Data extract:
* * *
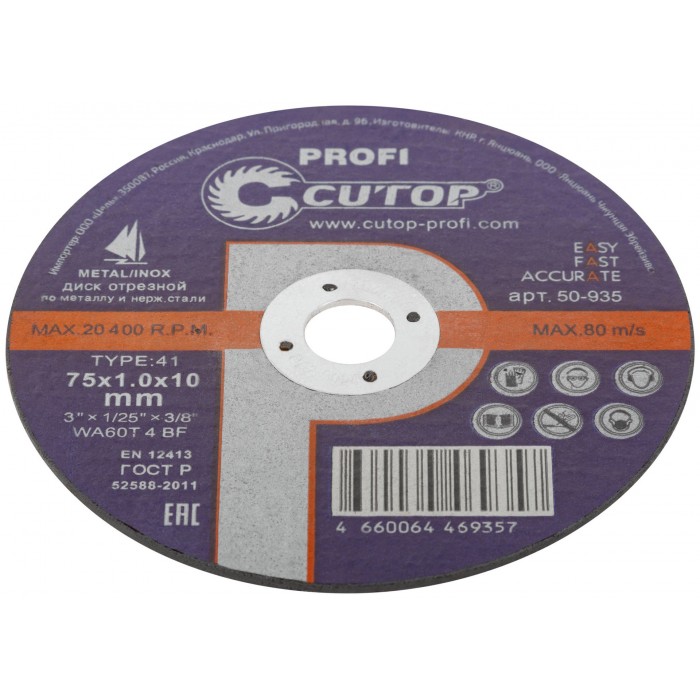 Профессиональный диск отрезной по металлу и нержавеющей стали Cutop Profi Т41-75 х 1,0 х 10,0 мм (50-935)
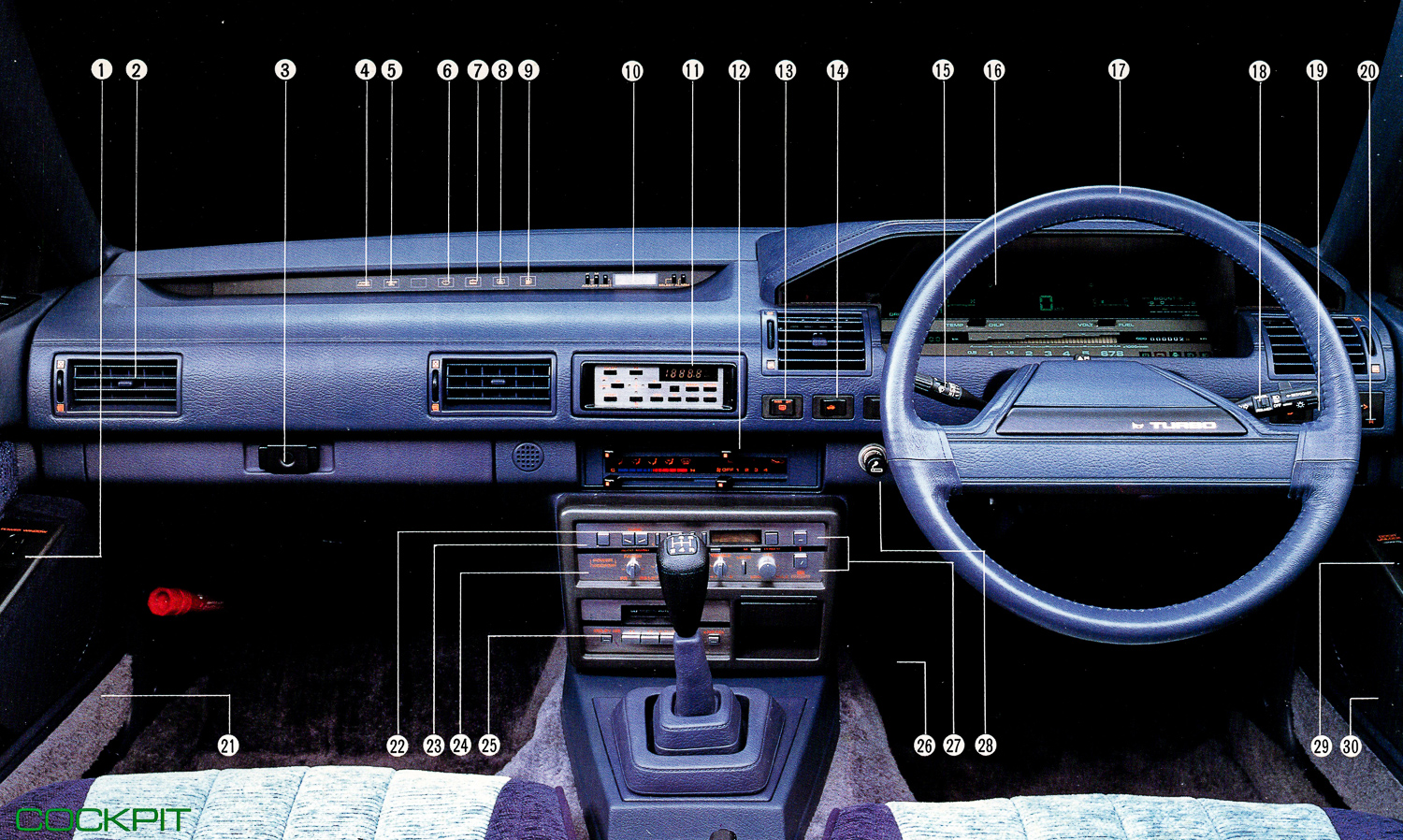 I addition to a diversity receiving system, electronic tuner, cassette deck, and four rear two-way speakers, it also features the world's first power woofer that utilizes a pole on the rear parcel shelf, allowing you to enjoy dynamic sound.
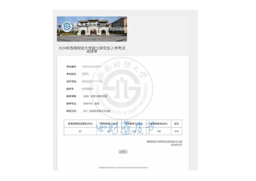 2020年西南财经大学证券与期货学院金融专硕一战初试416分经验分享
* * *
Problem description: In full and without any pictures, print the listing above exactly.

Written reply:
 Профессиональный диск отрезной по металлу и нержавеющей стали Cutop Profi Т41-75 х 1,0 х 10,0 мм (50-935)
 I addition to a diversity receiving system, electronic tuner, cassette deck, and four rear two-way speakers, it also features the world's first power woofer that utilizes a pole on the rear parcel shelf, allowing you to enjoy dynamic sound.
 2020年西南财经大学证券与期货学院金融专硕一战初试416分经验分享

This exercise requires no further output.